▶ [Given records]
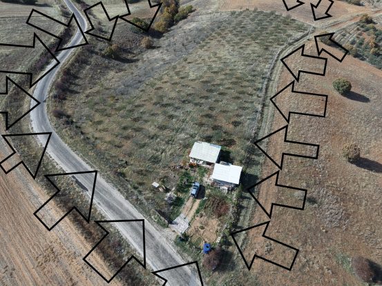 Taşınmaz içerisinde 1 adet 10 m² ev ve 1 adet 21 m² konteyner bulunmaktadır. Bahçe genelinde yaklaşık 450 adet, 10 yaşında verim çağındaki badem ağacı mevcuttur.
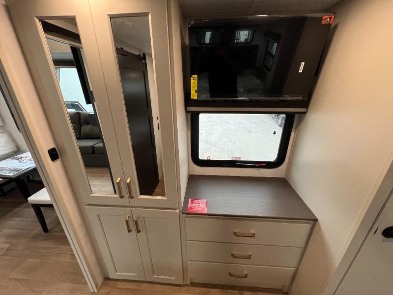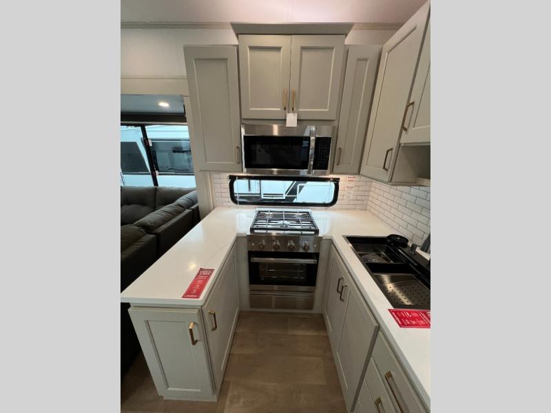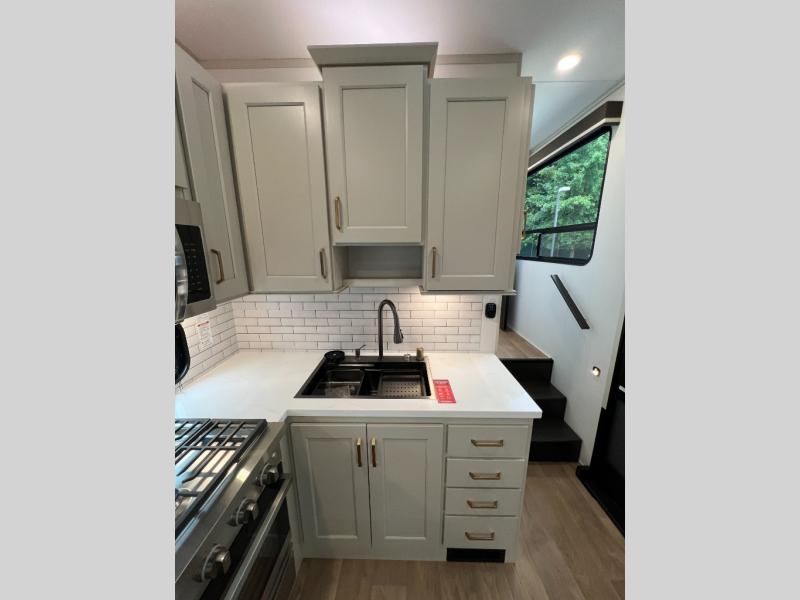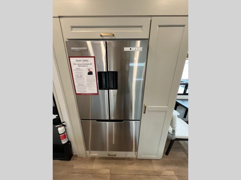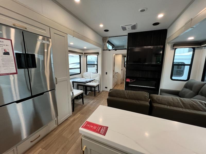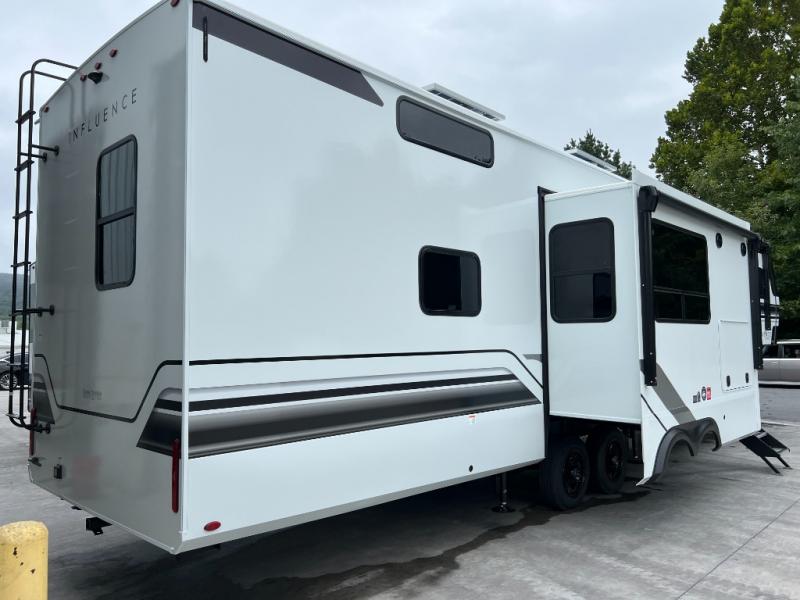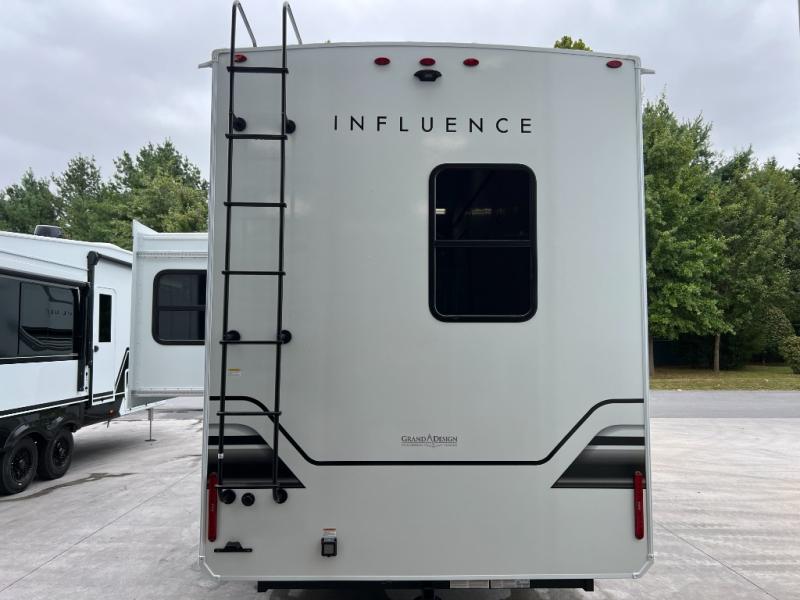 Any Grand Design Influence fifth wheel features five-sided aluminum cage construction with a walk-on roof and a fully enclosed underbelly with heated tanks and storage for all weather camping. For peace of mind, the MORryde CRE3000 Suspension system will provide safe and smooth towing, and the 101" widebody construction offers all the room you need and that is before multiple slides are fully engaged. You will appreciate the Keyed-Alike locks, slam-latch baggage doors with magnetic door catches, exterior security light, and SolidStep entry steps. On the inside, Congoleum flooring, premium roller shades for privacy, a hallway handrail for safety, and nightstands with USB ports to keep all of your electronics fully charged. You will also love the On Demand tankless water heater when showering, plus the added heat and ambiance from an electric fireplace, and so much more!
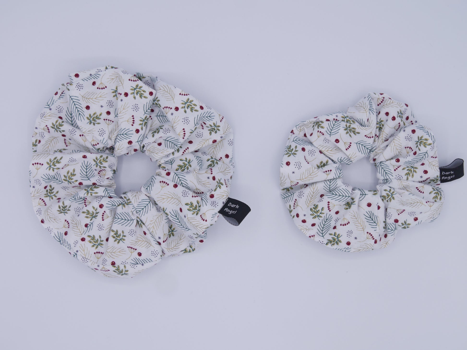 Ein Baumwolle Scrunchie das Weiß ist und ein Weihnachtsmuster hat. Die Mini Größe hat einen Durchmesser von ca. 11 cm und ist geeignet für dünnes Haar und für Kinder es passt 2 mal um Haar. Die XL Größe ist geeignet für Dünnes und Dickes Haar der Durchmesser beträgt ca. 13 cm und es passt 2 bis 3 mal ums Haar.
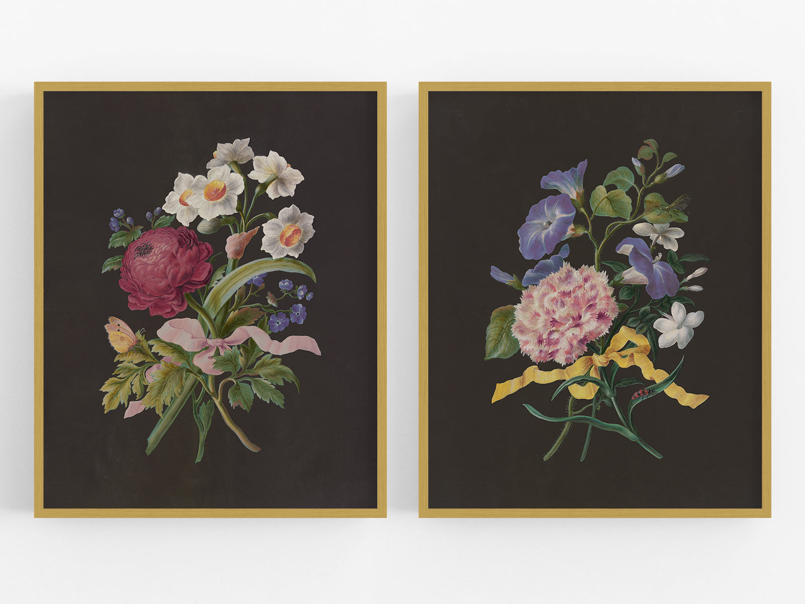 Flower Bouquet with Ribbon Art Prints - Set of Two
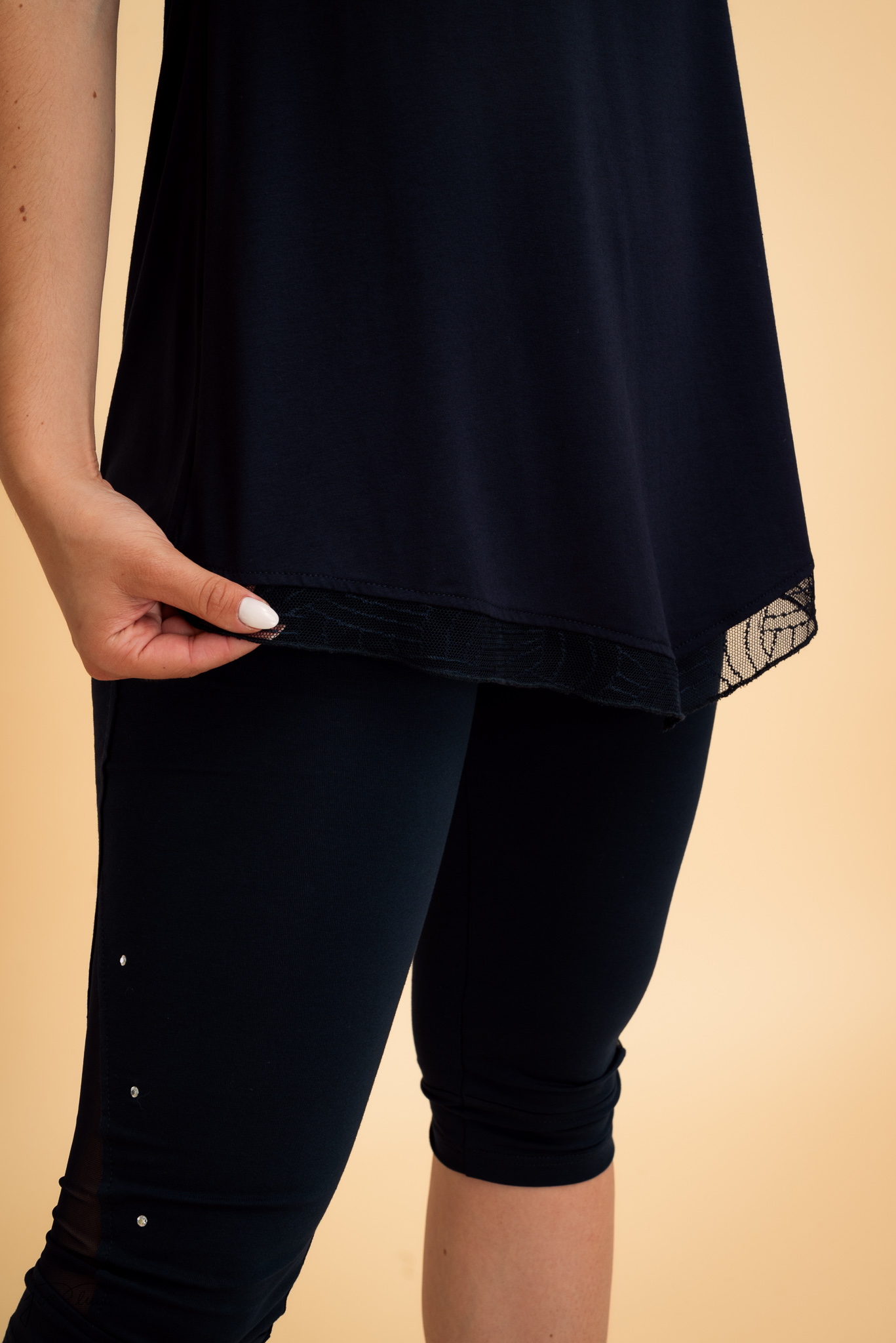 • Rubovi tunike obrubljeni su nježnom čipkom koja tunici daje elegantan i profinjen završetak.
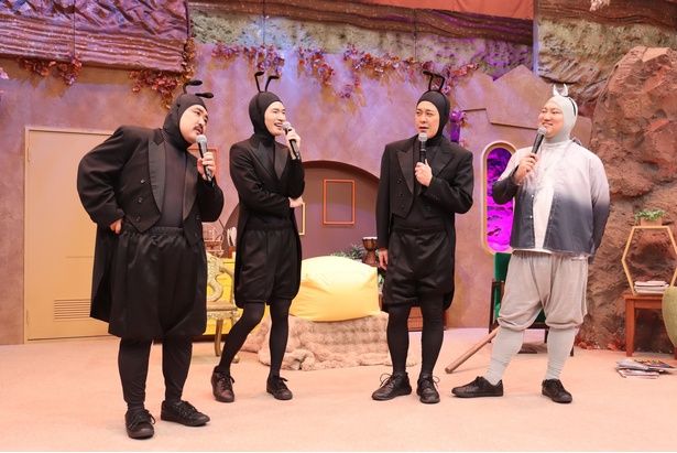 働くことをやめ、堕落した生活を送るアリのアリタを有田哲平が演じるほか、真面目で働き者のアリタの幼なじみ・アリツグをSnow Manの深澤辰哉、不労を説くカルト的指導者・アリババを空気階段の鈴木もぐら、そして謎多きフリーランス・アリーランスをロングコートダディの兎が演じる。収録にあわせて行われた囲み取材には、出演者4人が登壇した。
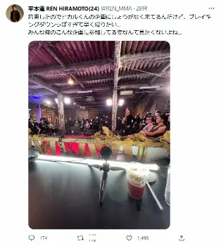 格闘家・平本蓮(24=Roufusport)が10日に自身のツイッターを更新。ユーチューバー・ヒカル(31)による格闘技イベントに参加したものの「ブレイキングダウンっぽすぎて早く帰りたい…」と投稿した。
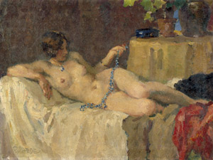 Idyllische Szene mit entkleideter Schäferin an einem See
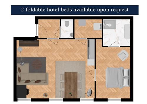 Tento apartmán má spálňu (1), obývaciu izbu a kompletne vybavenú kuchyňu s chladničkou a umývačkou riadu.

▶ [Task brief]
Pictures stay out; the records above are otherwise reproduced exactly.

▶ [Problem solution]
 Taşınmaz içerisinde 1 adet 10 m² ev ve 1 adet 21 m² konteyner bulunmaktadır. Bahçe genelinde yaklaşık 450 adet, 10 yaşında verim çağındaki badem ağacı mevcuttur.
 Any Grand Design Influence fifth wheel features five-sided aluminum cage construction with a walk-on roof and a fully enclosed underbelly with heated tanks and storage for all weather camping. For peace of mind, the MORryde CRE3000 Suspension system will provide safe and smooth towing, and the 101" widebody construction offers all the room you need and that is before multiple slides are fully engaged. You will appreciate the Keyed-Alike locks, slam-latch baggage doors with magnetic door catches, exterior security light, and SolidStep entry steps. On the inside, Congoleum flooring, premium roller shades for privacy, a hallway handrail for safety, and nightstands with USB ports to keep all of your electronics fully charged. You will also love the On Demand tankless water heater when showering, plus the added heat and ambiance from an electric fireplace, and so much more!
 Ein Baumwolle Scrunchie das Weiß ist und ein Weihnachtsmuster hat. Die Mini Größe hat einen Durchmesser von ca. 11 cm und ist geeignet für dünnes Haar und für Kinder es passt 2 mal um Haar. Die XL Größe ist geeignet für Dünnes und Dickes Haar der Durchmesser beträgt ca. 13 cm und es passt 2 bis 3 mal ums Haar.
 Flower Bouquet with Ribbon Art Prints - Set of Two
 • Rubovi tunike obrubljeni su nježnom čipkom koja tunici daje elegantan i profinjen završetak.
 働くことをやめ、堕落した生活を送るアリのアリタを有田哲平が演じるほか、真面目で働き者のアリタの幼なじみ・アリツグをSnow Manの深澤辰哉、不労を説くカルト的指導者・アリババを空気階段の鈴木もぐら、そして謎多きフリーランス・アリーランスをロングコートダディの兎が演じる。収録にあわせて行われた囲み取材には、出演者4人が登壇した。
 格闘家・平本蓮(24=Roufusport)が10日に自身のツイッターを更新。ユーチューバー・ヒカル(31)による格闘技イベントに参加したものの「ブレイキングダウンっぽすぎて早く帰りたい…」と投稿した。
 Idyllische Szene mit entkleideter Schäferin an einem See
 Tento apartmán má spálňu (1), obývaciu izbu a kompletne vybavenú kuchyňu s chladničkou a umývačkou riadu.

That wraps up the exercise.